As a demonstration of the effect that missing data has on the power, we performed analyses at a single SNP using simulated data (10,000 replicates, each replicate consisting of 100 case/parent trios and 100 control/parent trios) and assuming a range of probabilities of missing genotype data. We assumed a maternal genotype effect (S1=1.5, S2=2.25). The expected proportion of pedigree units of different types remaining in the analysis are shown in Figure 3A and Figure 3B respectively. The trios are all present when there is no missing data, but the expected proportion quickly decreases when the probability of missing genotype data is increased. The expected proportion of the other pedigree types then increases, but subsequently decreases and converges to 0 as the probability of missing data approaches 1. The power to detect the maternal genetic effects (when correctly modelled) also decreases with increasing proportion of missing data (Figure 3C). An advantage of the EMIM framework is that it makes efficient use of data from all possible available individuals, allowing one to recover information even from incompletely genotyped trios.

Figure 3
figure 3

Effect of Missing Genotype Data. Plots showing the effect as the probability of missing genotype data is increased for data simulated with a maternal genetic effect. A: The expected proportions of different types of pedigree unit output by PREMIM from a set of case/parent trios, for different probabilities of missing genotypes. B: The expected proportions of different types of pedigree unit output by PREMIM from a set of control trios, for different probabilities of missing genotypes. C: Power of EMIM to detect maternal genetic effects (by estimating parameters S1and S2). D: Power of EMIM to detect maternal genetic effects masquerading as child genetic effects (by estimating parameters R1and R2).

Buyske [16] pointed out that maternal genotype effects can masquerade as child genotype effects, if analysed as such. If the maternal genetic effects are incorrectly modelled as child genetic effects (Figure 3D), we find limited power to detect these effects even when there is no missing data.

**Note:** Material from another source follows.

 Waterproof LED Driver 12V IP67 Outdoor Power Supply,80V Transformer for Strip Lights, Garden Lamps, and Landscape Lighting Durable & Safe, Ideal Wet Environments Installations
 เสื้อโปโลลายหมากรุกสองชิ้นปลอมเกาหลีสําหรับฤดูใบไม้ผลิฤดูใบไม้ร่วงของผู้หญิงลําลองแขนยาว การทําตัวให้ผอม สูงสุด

Increasing the proportion of missing data has little effect on the power of this analysis, until the probability of missing genotype data becomes very large (e.g. more than 80%).

Comparison with MENDEL

Several other software packages exist that allow testing and estimation of genotype relative risk parameters similar to those tested in EMIM. One such package is MENDEL [17]. MENDEL most easily allows the estimation and testing of mother-child interaction effects via the maternal-fetal genotype incompatibility (MFG) test [5], although a “Generalized Risk” analysis that allows implementation of more complex user-defined paramaterizations (through the imposition of various parameter restrictions) is also available.

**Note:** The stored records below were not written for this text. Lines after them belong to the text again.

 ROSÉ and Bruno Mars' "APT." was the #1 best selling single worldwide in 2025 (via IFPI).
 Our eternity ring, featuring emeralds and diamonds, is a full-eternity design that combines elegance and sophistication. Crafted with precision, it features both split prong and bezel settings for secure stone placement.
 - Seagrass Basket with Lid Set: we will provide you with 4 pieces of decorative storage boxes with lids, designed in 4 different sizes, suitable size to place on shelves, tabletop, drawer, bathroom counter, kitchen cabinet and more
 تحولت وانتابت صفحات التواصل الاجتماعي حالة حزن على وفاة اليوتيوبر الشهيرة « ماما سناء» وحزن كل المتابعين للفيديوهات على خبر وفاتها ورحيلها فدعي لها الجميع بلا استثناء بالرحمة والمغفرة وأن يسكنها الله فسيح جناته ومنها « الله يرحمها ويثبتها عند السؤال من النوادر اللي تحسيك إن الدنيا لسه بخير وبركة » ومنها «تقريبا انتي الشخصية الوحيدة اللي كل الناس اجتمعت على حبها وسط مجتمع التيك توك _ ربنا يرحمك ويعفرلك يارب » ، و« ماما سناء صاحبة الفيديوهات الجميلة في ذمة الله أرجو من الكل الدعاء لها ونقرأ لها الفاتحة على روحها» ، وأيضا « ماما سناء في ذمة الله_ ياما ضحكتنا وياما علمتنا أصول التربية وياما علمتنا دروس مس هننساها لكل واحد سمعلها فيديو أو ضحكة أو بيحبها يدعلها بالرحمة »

We used computer simulations (500 replicates each with 200 case parent trios) to compare the performance of MENDEL and EMIM under three different comparable models:

  1. 1.

    Model 1. This model has been used to test for RhD incompatibility [18] and estimates the relative risk corresponding to the mother having no risk alleles and the child one risk allele. MENDEL was used to estimate this one relative risk parameter by setting the sex-specific effects (parameters MFG_M and MFG_F in MENDEL) to be equal. The equivalent single parameter γ 01(corresponding to the parametrization of [5, 18]) was estimated in EMIM. The data were simulated assuming γ 01=2.

  2. 2.

    Model 2. This model has been used to test for non-inherited maternal antigens (NIMA) on rheumatoid arthritis (RA) [19] and consists of three parameters (ignoring sex-specific MFG testing): a relative risk parameter (γ 10) for MFG when the mother has one risk allele and the child has no risk alleles, and two parameters for child effects when the child has one or two risk alleles. In order to compare EMIM with MENDEL under this model, we used PREMIM to reassign which allele should be considered as the risk allele by EMIM. A model equivalent to MENDEL’s NIMA model can then be fit in EMIM by estimating parameters (with respect to the reassigned allele) R 1 R 2and γ 12. Data were simulated assuming an MFG effect γ 10=2. The power to detect the the MFG effect in either MENDEL or EMIM was calculated by considering twice the difference between the negative log likelihood from a model that includes all three parameters (R 1 R 2and the MFG parameter) and that from a model where the MFG parameter has been removed.

  3. 3.

    Model 3. This MENDEL model is a general MFG test consisting of one relative risk parameter for each of the 7 mother/child genotype combinations. The relative risk parameter denoted U_00 in the MENDEL documentation (corresponding to the situation where the mother and child have no risk alleles) was set to 1 and not estimated to avoid over-parametrization. The other 6 parameters, U_22, U_21, U_12, U_11, U_10, U_01, were estimated. The 6 parameters estimated by EMIM were R 1, R 2, S 1, S 2, γ 11and γ 22. These parameters are not indvidually equivalent to the 6 MENDEL parameters, but the models as a whole can be shown to be equivalent. Data for this comparison were simulated assuming R 1=S 1=γ 11=γ 22=1.5 and R 2=S 2=2.25.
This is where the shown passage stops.